Already popular in Japan, today’s New York Times reports on the developing trend of robotic companions for the elderly.
A typical Japanese example is the Tsukuba University created Hybrid Assistive Limb. The battery-powered suit senses and amplifies the wearer’s muscle action when carrying or lifting heavy objects. Caregivers can also use the suit to aid them while lifting patients from a bed, and patients can wear it to support their movements. Other Japanese devices include a small, battery-powered trolley to aid independent walking; a portable, self-cleaning bedside toilet; and a monitoring robot which tracks and reports the location of dementia patients.
The Times describes several interesting US developed robots: Cody, a Georgia Tech created robotic nurse cable of bathing patients; HERB, a Carnegie Mellon developed butler which retrieves objects and cleans; Hector, a University of Reading robot which provides medication reminders, locates lost objects, and can assist in a fall; and Paro, a baby seal looking robot which calms dementia patients.
Professor Todd Coleman of UCSD is developing foldable, stretchable electrode arrays that can non-invasively measure neural signals. They can also provide more in-depth analysis by including thermal sensors to monitor skin temperature and light detectors to analyze blood oxygen levels. The device is powered by micro solar panels and uses antennae to wirelessly transmit or receive data. Professor Coleman wants to use the device on premature babies to monitor their mental state and detect the onset of seizures that can lead to brain development problems such as epilepsy.

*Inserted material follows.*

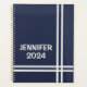 Elegant navy blue and white stripes design planner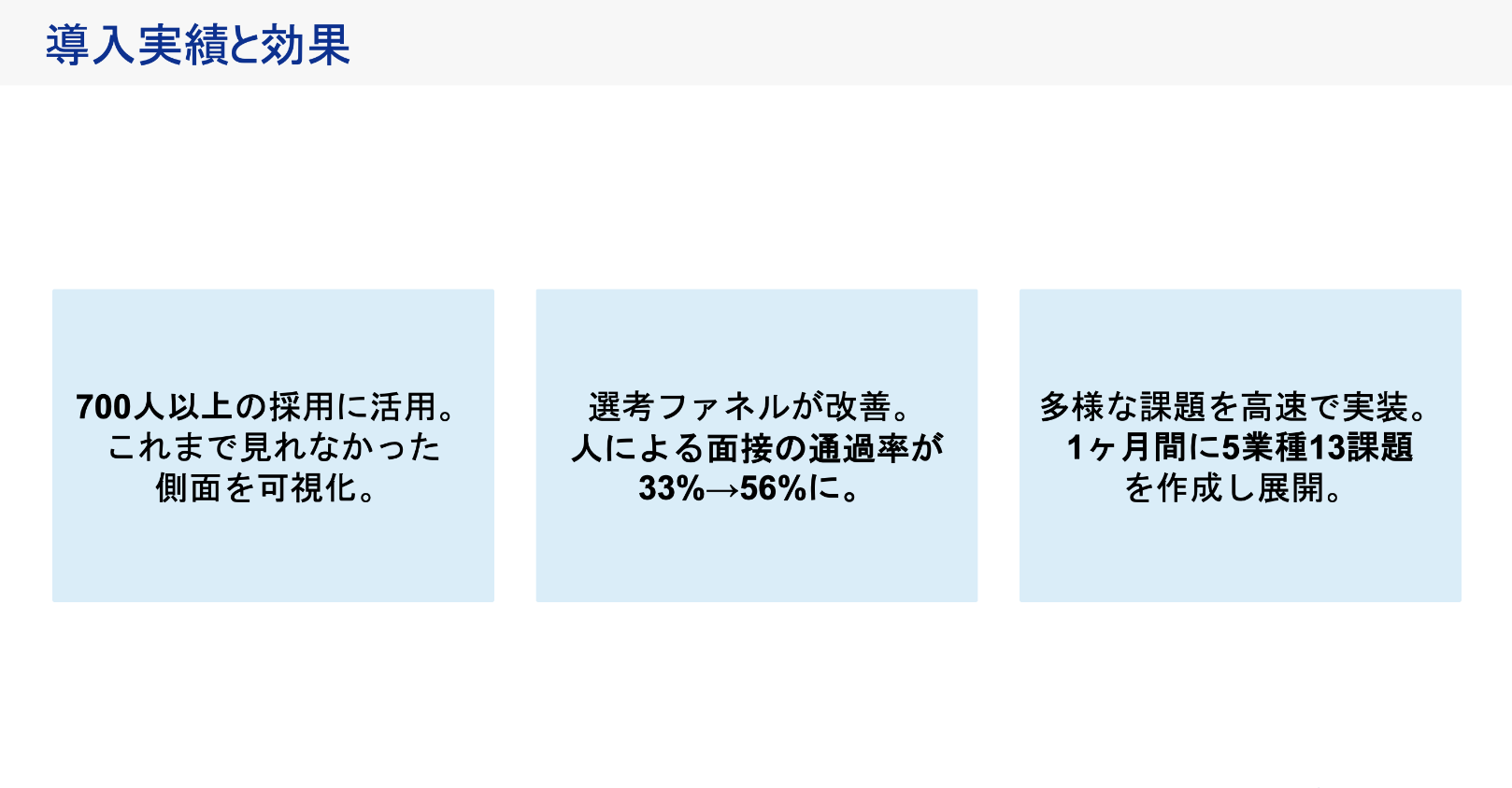 また実際に選考ファネルが改善して、人による面接の通過率が33%から56%に改善したとか、1ヶ月間で5業種13課題を作成して展開するということもできております。

A group at the Tokyo Institute of Technology, led by Dr. Osamu Hasegawa, has advanced SOINN, their machine learning algorithm, which can now use the internet to learn how to perform new tasks. The system, which is under development as an artificial brain for autonomous mental development robots, is currently being used to learn about objects in photos using image searches on the internet. It can also take aspects of other known objects and combine them to make guesses about objects it doesn’t yet recognize.
By placing a small sensor in the brain’s motor cortex, interfaces can pick up on electrical activity, and translate it into commands that control a robotic arm. Now scientists have gone a step further. Instead of a wired brain-arm link, they have now developed a wireless connection powerful enough to work at a distance of three feet.
“Clinical applications may include thought-controlled prostheses for severely neurologically impaired patients, wireless access to motorized wheelchairs or other assistive technologies, and diagnostic monitoring such as in epilepsy, where patients currently are tethered to the bedside during assessment,” says David Borton, at Brown University.